• **What you are asked to do**:
The line with "2024年 オリコン顧客満足度(R)調査 クレジットカード 年会費無料" marks the first line to copy, and the line with "上海市精神卫生中心2022年度国有资产 管理情况" marks the last. Transcribe that stretch of the data below exactly, without pictures.

• **Record excerpts**:
****************************************

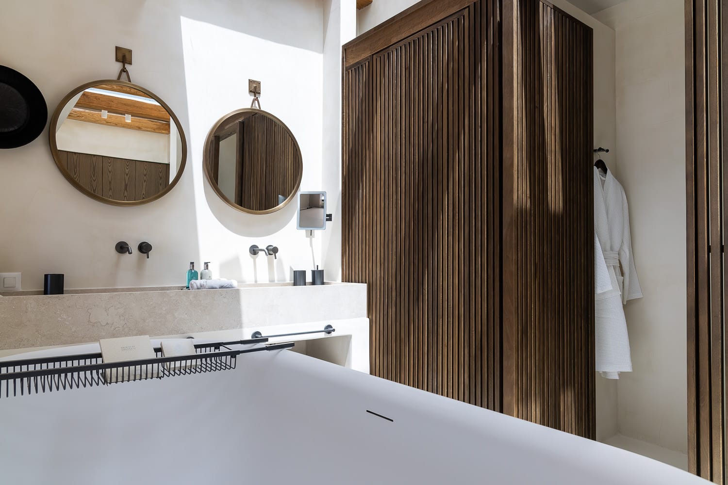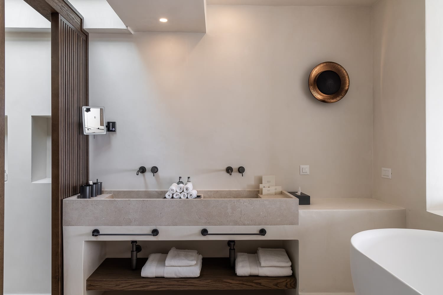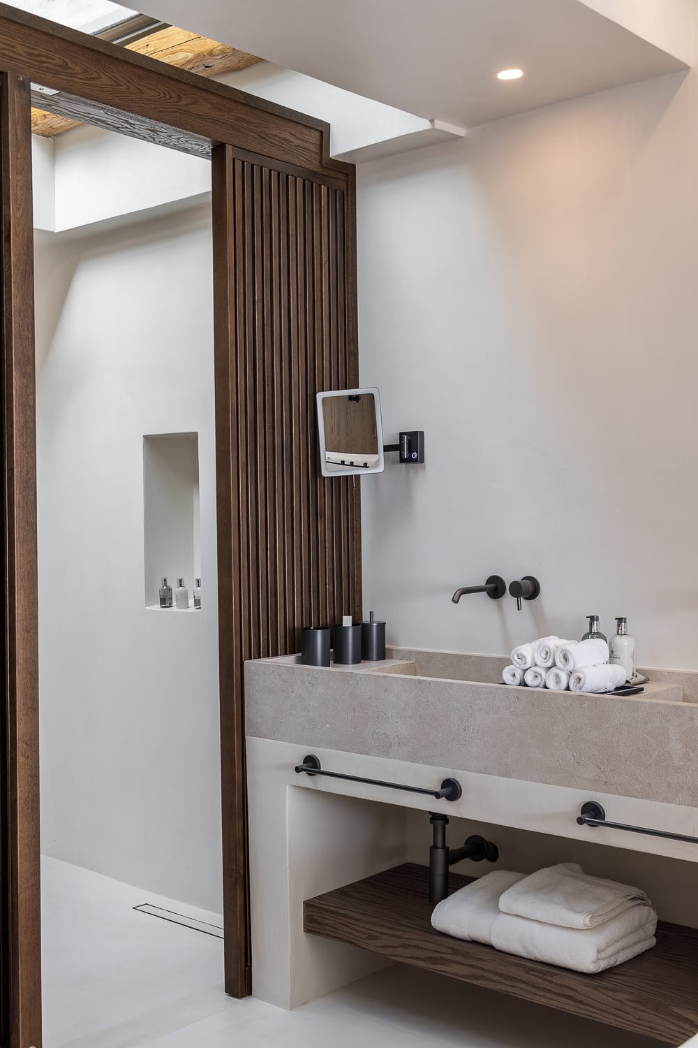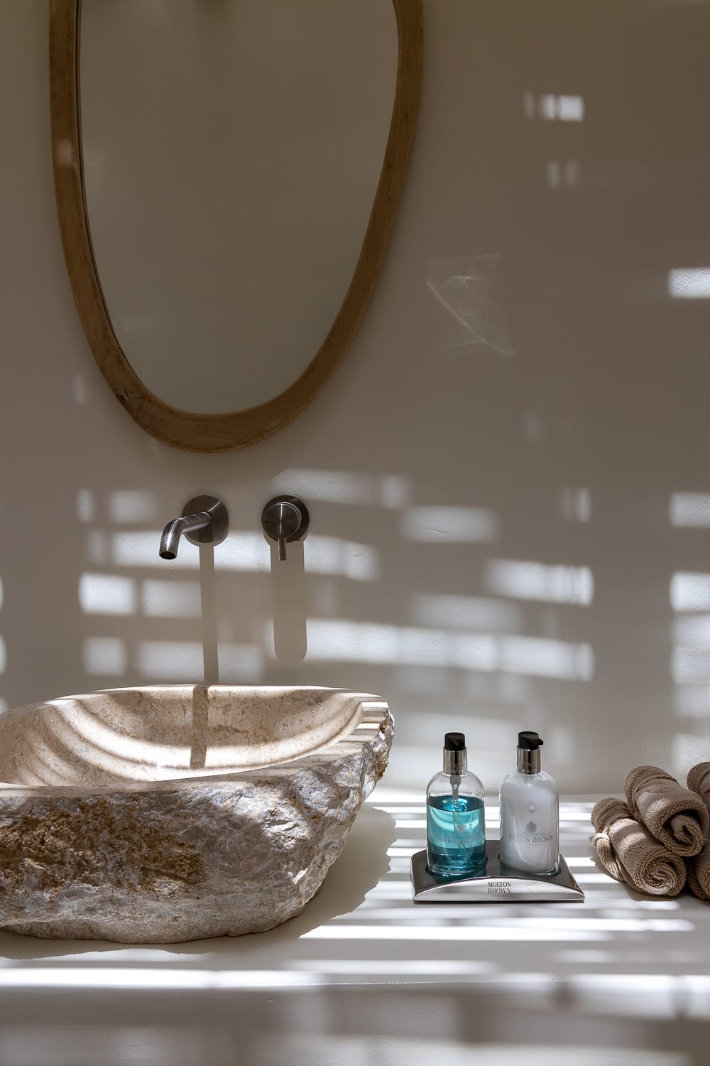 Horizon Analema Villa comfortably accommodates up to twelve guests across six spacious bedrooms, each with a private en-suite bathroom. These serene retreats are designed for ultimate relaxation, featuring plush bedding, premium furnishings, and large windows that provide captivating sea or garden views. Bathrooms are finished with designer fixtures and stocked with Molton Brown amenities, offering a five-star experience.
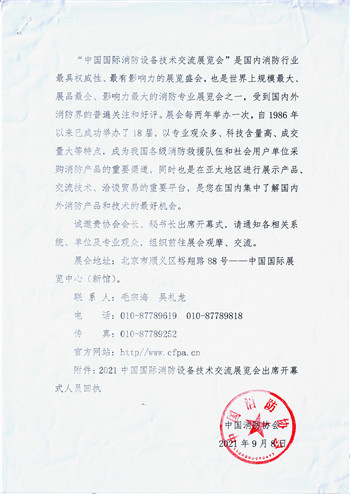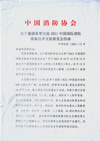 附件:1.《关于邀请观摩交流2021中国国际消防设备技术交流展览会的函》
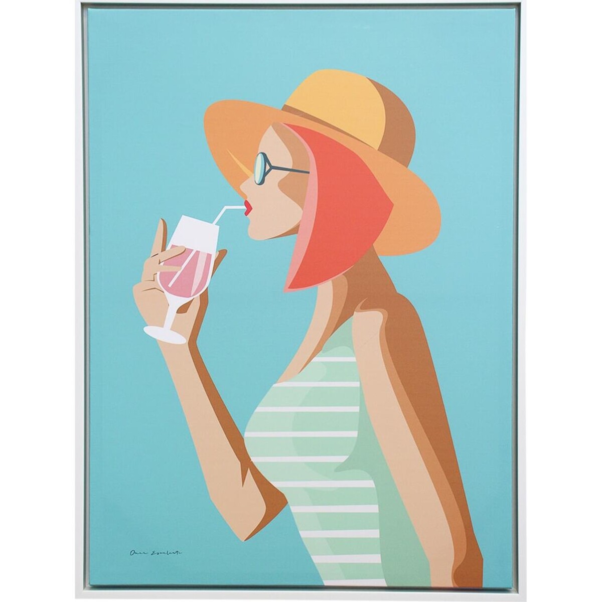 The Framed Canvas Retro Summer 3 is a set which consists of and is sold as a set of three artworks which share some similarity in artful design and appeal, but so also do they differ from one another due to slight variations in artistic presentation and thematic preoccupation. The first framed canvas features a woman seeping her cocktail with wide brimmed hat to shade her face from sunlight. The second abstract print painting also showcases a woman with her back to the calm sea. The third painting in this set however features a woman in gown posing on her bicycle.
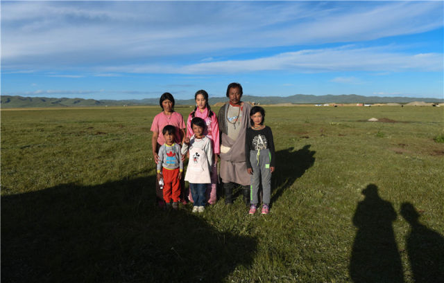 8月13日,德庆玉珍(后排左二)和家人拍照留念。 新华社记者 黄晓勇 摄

****************************************

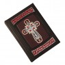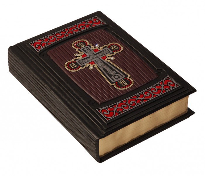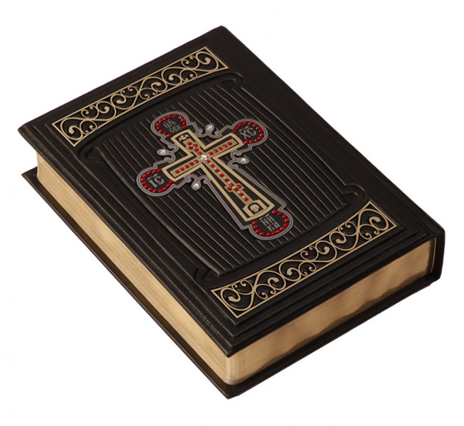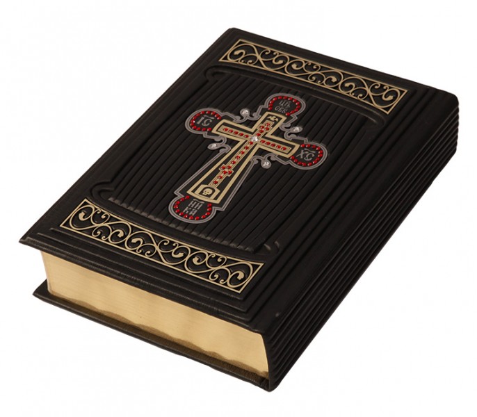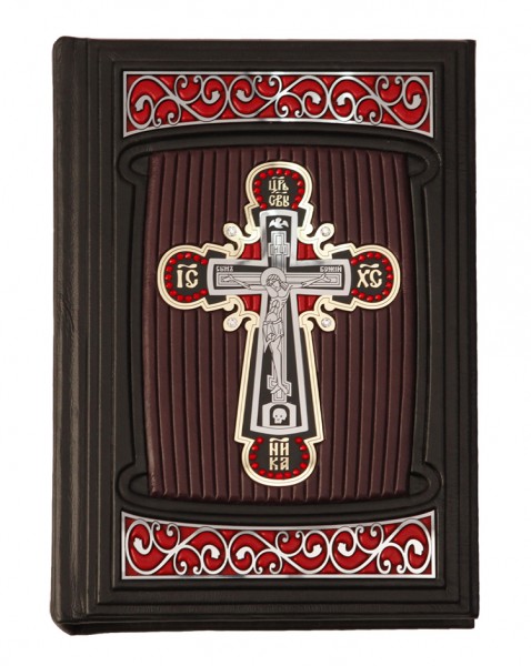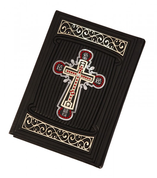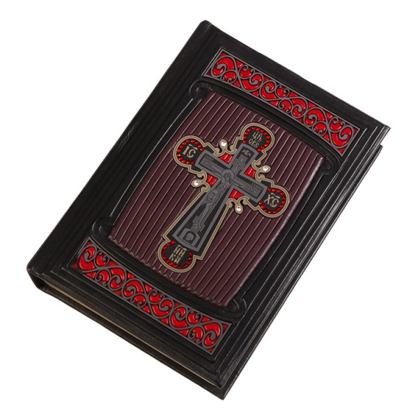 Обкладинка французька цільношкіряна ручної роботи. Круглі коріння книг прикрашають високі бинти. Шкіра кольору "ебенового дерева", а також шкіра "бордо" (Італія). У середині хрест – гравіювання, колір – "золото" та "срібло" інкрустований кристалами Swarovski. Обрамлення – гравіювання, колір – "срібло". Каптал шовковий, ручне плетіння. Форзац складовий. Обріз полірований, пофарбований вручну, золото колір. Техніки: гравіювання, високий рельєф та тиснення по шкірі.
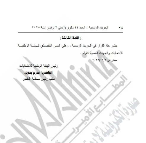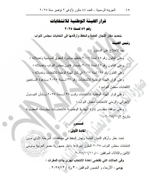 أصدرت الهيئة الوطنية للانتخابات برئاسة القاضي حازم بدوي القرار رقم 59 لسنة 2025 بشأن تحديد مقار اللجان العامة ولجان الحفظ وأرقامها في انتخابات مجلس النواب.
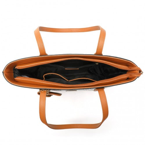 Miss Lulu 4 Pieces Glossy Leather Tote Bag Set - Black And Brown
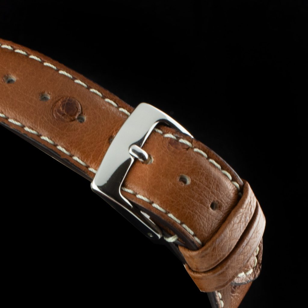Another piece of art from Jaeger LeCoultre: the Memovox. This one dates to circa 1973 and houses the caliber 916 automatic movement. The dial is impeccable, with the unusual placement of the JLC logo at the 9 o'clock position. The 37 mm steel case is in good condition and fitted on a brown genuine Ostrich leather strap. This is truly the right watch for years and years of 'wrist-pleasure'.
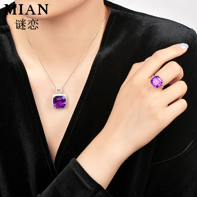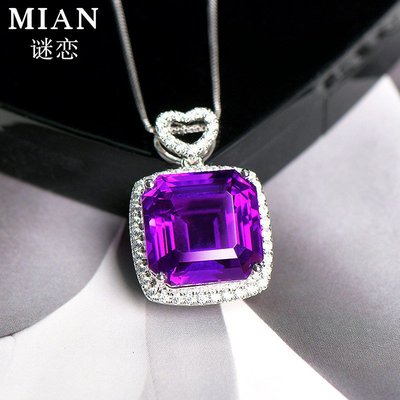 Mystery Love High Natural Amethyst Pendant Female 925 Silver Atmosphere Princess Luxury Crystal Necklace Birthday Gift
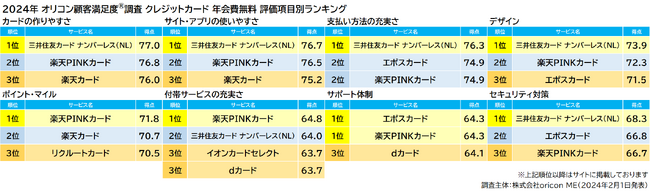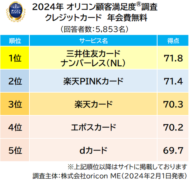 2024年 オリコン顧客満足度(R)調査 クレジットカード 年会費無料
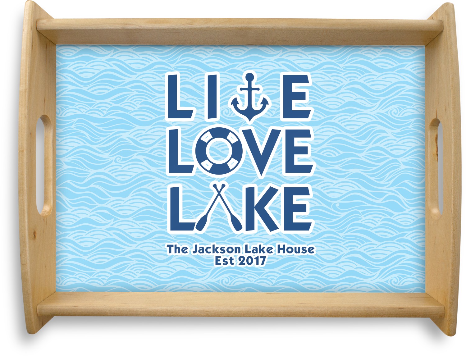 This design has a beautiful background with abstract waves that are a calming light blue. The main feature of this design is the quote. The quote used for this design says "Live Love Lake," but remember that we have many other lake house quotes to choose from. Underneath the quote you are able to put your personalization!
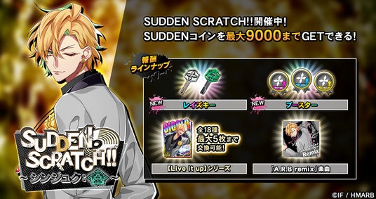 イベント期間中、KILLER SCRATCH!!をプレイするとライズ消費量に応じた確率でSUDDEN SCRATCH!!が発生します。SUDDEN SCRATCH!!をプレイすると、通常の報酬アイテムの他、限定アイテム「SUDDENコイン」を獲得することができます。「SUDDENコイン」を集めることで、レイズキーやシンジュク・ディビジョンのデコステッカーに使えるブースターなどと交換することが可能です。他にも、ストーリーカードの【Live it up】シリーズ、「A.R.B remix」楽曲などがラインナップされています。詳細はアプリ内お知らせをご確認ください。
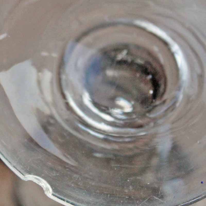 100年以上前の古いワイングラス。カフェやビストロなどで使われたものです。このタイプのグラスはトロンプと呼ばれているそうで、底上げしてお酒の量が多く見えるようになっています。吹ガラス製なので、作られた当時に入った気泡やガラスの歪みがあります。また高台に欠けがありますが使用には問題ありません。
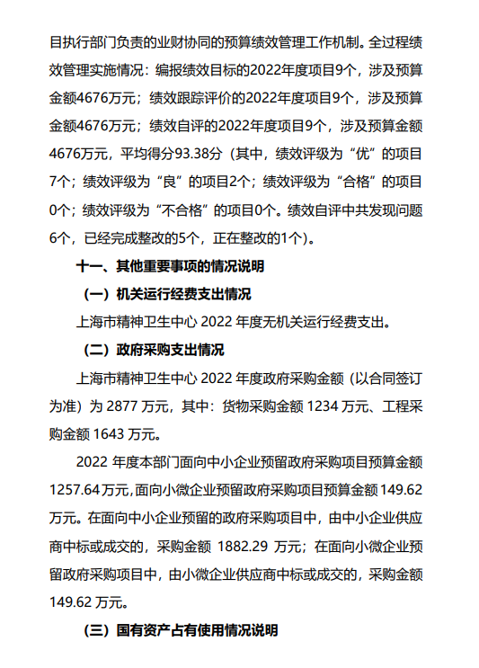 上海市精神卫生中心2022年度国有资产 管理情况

****************************************

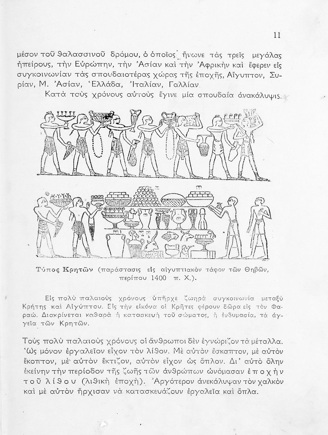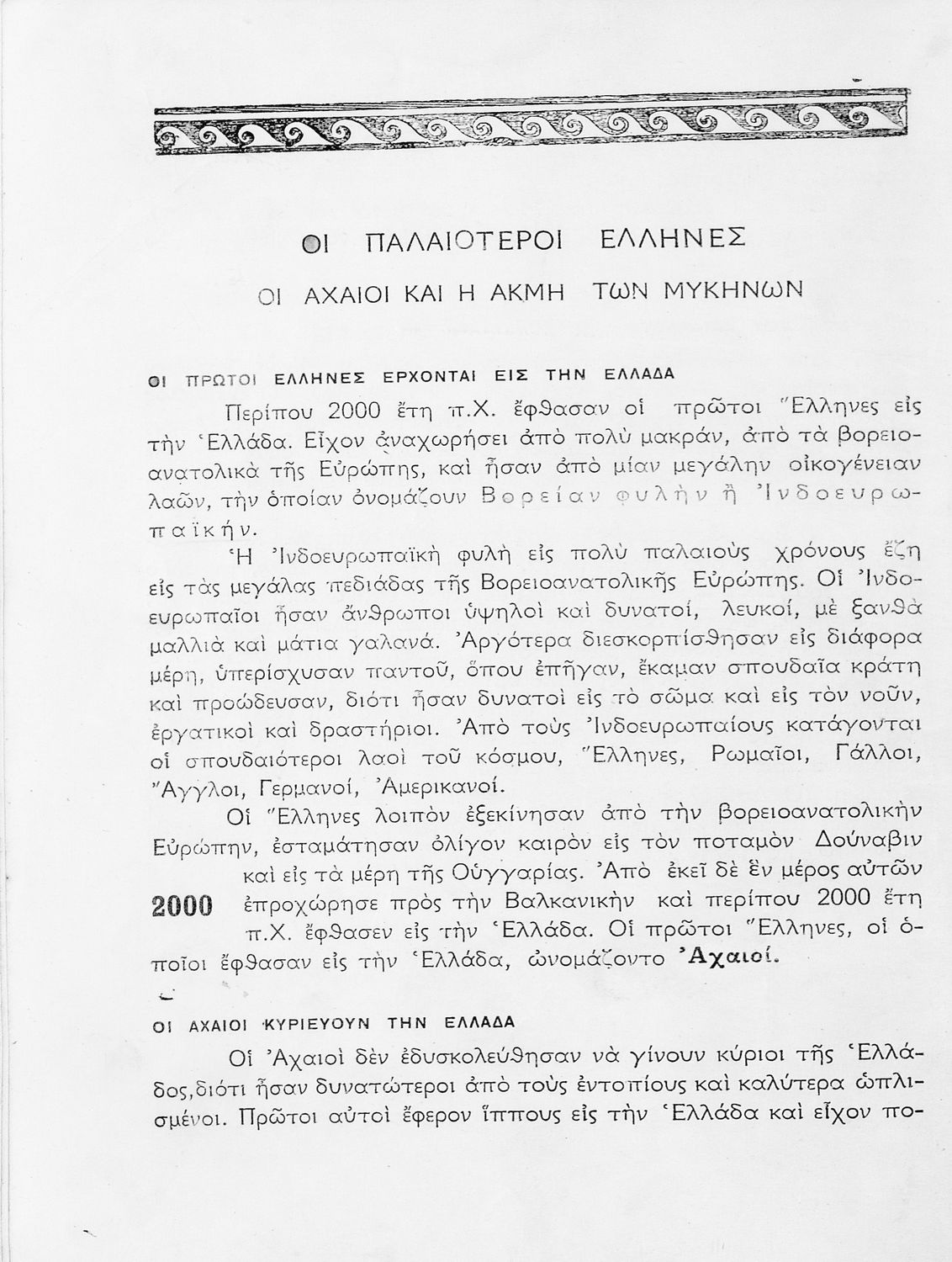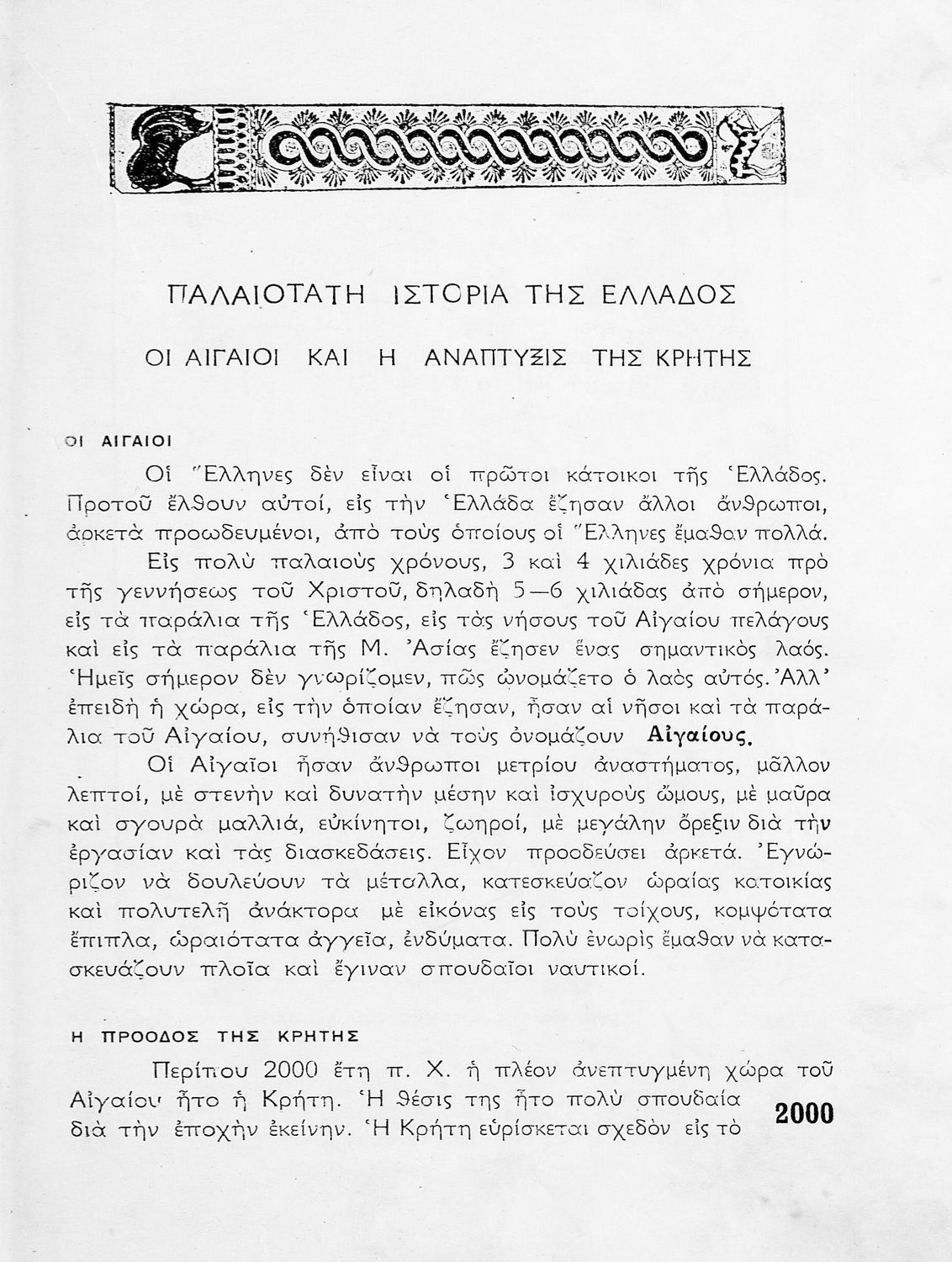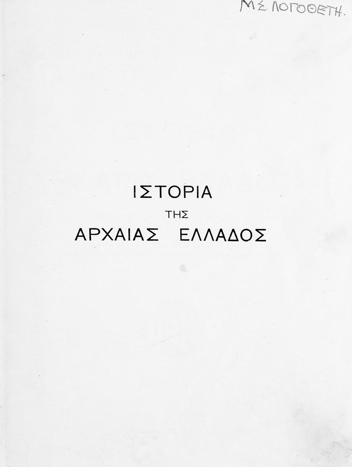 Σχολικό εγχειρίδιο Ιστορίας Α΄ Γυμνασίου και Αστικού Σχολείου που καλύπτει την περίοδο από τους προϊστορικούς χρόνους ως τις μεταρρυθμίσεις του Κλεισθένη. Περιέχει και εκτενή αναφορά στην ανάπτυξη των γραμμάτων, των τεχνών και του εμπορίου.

****************************************

• **Solved problem**:
 2024年 オリコン顧客満足度(R)調査 クレジットカード 年会費無料
 This design has a beautiful background with abstract waves that are a calming light blue. The main feature of this design is the quote. The quote used for this design says "Live Love Lake," but remember that we have many other lake house quotes to choose from. Underneath the quote you are able to put your personalization!
 イベント期間中、KILLER SCRATCH!!をプレイするとライズ消費量に応じた確率でSUDDEN SCRATCH!!が発生します。SUDDEN SCRATCH!!をプレイすると、通常の報酬アイテムの他、限定アイテム「SUDDENコイン」を獲得することができます。「SUDDENコイン」を集めることで、レイズキーやシンジュク・ディビジョンのデコステッカーに使えるブースターなどと交換することが可能です。他にも、ストーリーカードの【Live it up】シリーズ、「A.R.B remix」楽曲などがラインナップされています。詳細はアプリ内お知らせをご確認ください。
 100年以上前の古いワイングラス。カフェやビストロなどで使われたものです。このタイプのグラスはトロンプと呼ばれているそうで、底上げしてお酒の量が多く見えるようになっています。吹ガラス製なので、作られた当時に入った気泡やガラスの歪みがあります。また高台に欠けがありますが使用には問題ありません。
 上海市精神卫生中心2022年度国有资产 管理情况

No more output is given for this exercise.